Elon Musk has announced Tesla is officially reviving Dojo, just months after pulling the plug on its in-house supercomputer program. The program’s return is thanks to the AI5 chip design, which is now “in good shape,” according to Musk, allowing the company to begin work on Dojo 3 after calling Dojo’s second generation an “evolutionary dead end.”
“Now that the AI5 chip design is in good shape, Tesla will restart work on Dojo3,” Musk wrote on X, while launching a new hiring push for engineers to help build what he described as “the highest volume chips in the world.”
The decision ties directly to Tesla’s in-house silicon roadmap. Musk revealed last week that the AI5 design is “almost done,” with AI6 already in early development, and the company is now aligning Dojo3 around that new hardware. Rather than relying solely on off-the-shelf GPUs from Nvidia, Tesla wants its own purpose-built supercomputer to train the neural networks that power Full Self-Driving (FSD), as well as Optimus and other future robotics and autonomy products.
Dojo was first unveiled at Tesla’s 2021 AI Day as a custom supercomputer designed to train massive video-based neural networks using Tesla’s proprietary D1 chips.

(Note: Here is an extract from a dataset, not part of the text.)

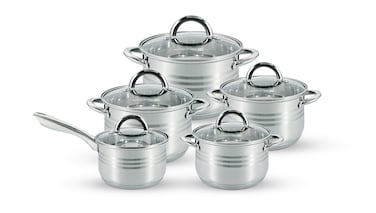 Royalford 10Pcs Stainless Steel Cookware Set, RF10390 - Induction Compatible Base, Dishwasher-Safe, Strong, Heavy-Duty Riveted Handles

At its peak, the project was seen as central to Tesla’s long-term autonomy strategy. But by August 2025, Tesla had shut it down, reassigned the team, and leaned more heavily on external partners like Nvidia, AMD, and Samsung, while shifting focus to a new AI training cluster known internally as Cortex.
Now, with AI5 nearing completion, Musk appears ready to bring Dojo back — this time as Dojo3 — and build it around Tesla’s latest chip.
As part of the announcement, Musk is also recruiting engineers to make Dojo 3 a reality, inviting applicants to email Tesla with “3 bullet points on the toughest technical problems you’ve solved” to help build what he calls the world’s highest-volume AI chips.